マキタスポーツの源流。別役実『人体カタログ』がくれた“世界をキラキラさせる視点”

「しなきゃ」と思って暮らしてた。~エンタメから学ぶ「しなきゃ、なんてない。」~

日常の中で何気なくやってしまっている「しなきゃ」を、映画・本・音楽などを通して見つめ直す。芸人、ミュージシャン、俳優、文筆家とあらゆる顔を持つマキタスポーツさんが「自分のセンスを決定づけてくれた」と語る作品とは。気づきを与えてくれた一節とともに解説いただく。

『別役実の人体カタログ』(‎平凡社)の概要

戦後の演劇界で、現代人の不条理さを切り取る作品を数多く発表し活躍した劇作家・別役実によるエッセイ。鼻・目・耳といった人体パーツを独自の視点で解説しまとめた一作。コミカルな発想に加え、現代社会を風刺的にかつ不条理に批評している。(※現在、版元品切れ)

※画像提供:株式会社 平凡社

“言ってみれば、鼻は「前衛」なのであり、未知なる世界に最初に繰り出される「斥候」であり「先兵」なのである。”

引用:別役実の人体カタログ

「常識」が常に正しい、なんてない。

ビートたけしさんやタモリさん世代の芸人さんが「古い価値観を壊していく」サマに価値観を揺さぶられた青春時代。彼らが次々と時代を変えていくのを目の当たりにする中、その言語化できない衝撃を言葉で整理整頓してくれたのが別役実さんのエッセイです。ぼんやりしたままだった「なんだこれは!」を「そういうことだったのか!」にしてくれた。今の自分の物の考え方やセンスの形成にすごく影響しています。

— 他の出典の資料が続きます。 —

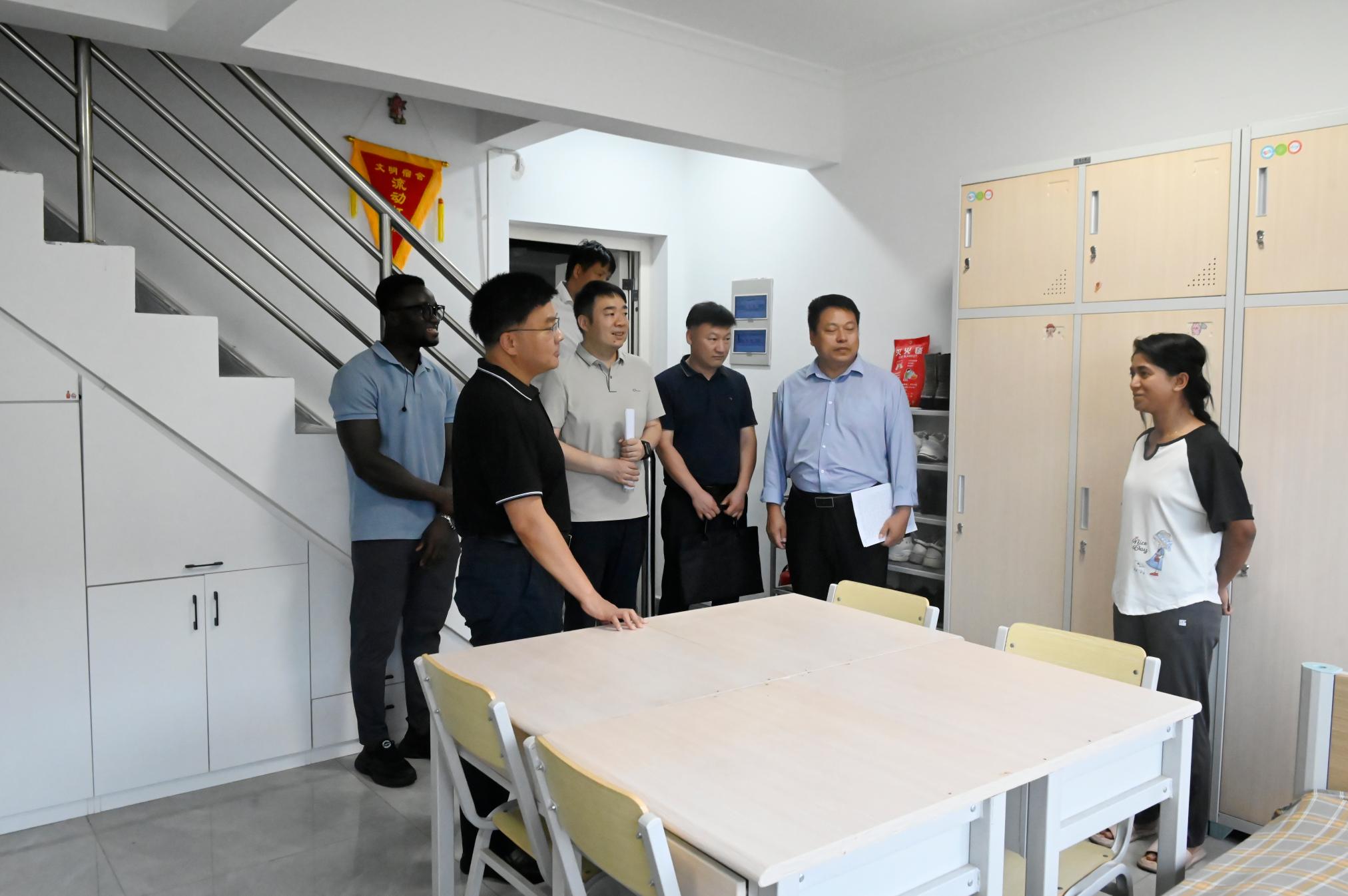 刘红林一行先后走访了学生公寓、西区澡堂、中区及西区餐厅等地,并与留校学生、国际留学生、社区辅导员等亲切交谈,详细询问了暑期留校学生的学习生活等情况,检查指导留校学生安全稳定工作,并向大家致以假期问候。刘红林对同学们在酷暑下克服困难、磨砺意志,始终保持砥砺奋进的姿态高度赞赏,并叮嘱大家在工作、学习之余注重劳逸结合和人身安全。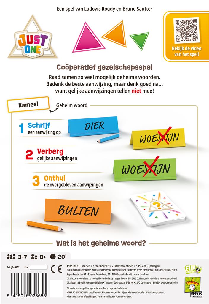 Just One is een coöperatief gezelschapsspel waarbij je samen met de andere spelers zoveel mogelijk mysterieuze woorden probeert te raden! Vind de beste aanwijzing om je medespeler te helpen en wees origineel want identieke aanwijzingen worden geschrapt.
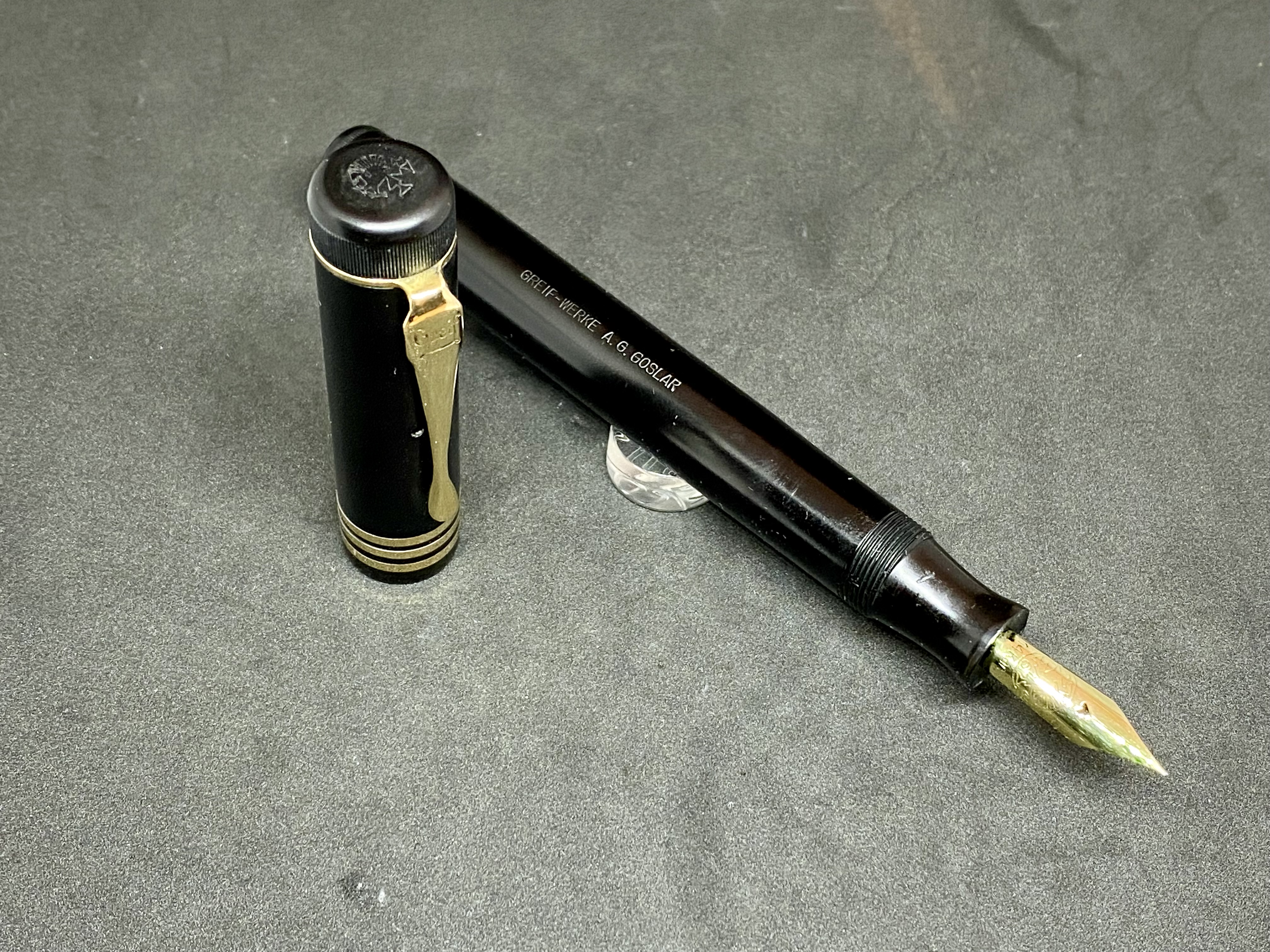 Pur essendo tedeschi e producendo penne dalla linea sobria, si sono anche lanciati in dettagli originali. Ad esempio, su penne tutte nere e dalla linea rigorosa, come la tua, avevano inserito sul cappuccio degli anelli in celluloide verde giada o rosso marmorizzato, sotto la veretta o nell'innesto della testina.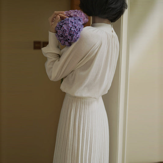 British Lady High Waist Skirt / Vest / High Neck Ribbon Blouse

別役さんは人間が常識だと思い抱いている価値観を、ある意味全て疑うような視点を持っていらっしゃるんです。もっと言えば言葉そのものさえも怪しいと思っている。言葉によって物事は区別されるわけですけど、その言葉が与えられたのはたまたまかもしれない。言葉は世界を明確なものにする役割を持つ一方で、言葉で明確にした世界には裏があるかもしれないと疑う……。そうした感覚が身についたのは別役さんの作品に触れたことが大きいです。

この『人体カタログ』も、一見医学書のような堅い文体ながら「目や口は危険の際に閉じることができるが、鼻は閉じない。すなわち『先兵』である」みたいなすっとぼけたことが大真面目に書かれている。別役さんの視点を通して見る世界はすごくキラキラしていて、自分の頭の中の新しい扉を開いてくれました。

エッセイの中で「耳は顔なのか、頭なのか」を論じている章があって。顔とするか頭とするか、なんていうのは人間が勝手に決めていることで、そうやって決められた概念を疑ってもいいんじゃないか?といった話は、きっと人生のあらゆることに応用が利くんじゃないかって思います。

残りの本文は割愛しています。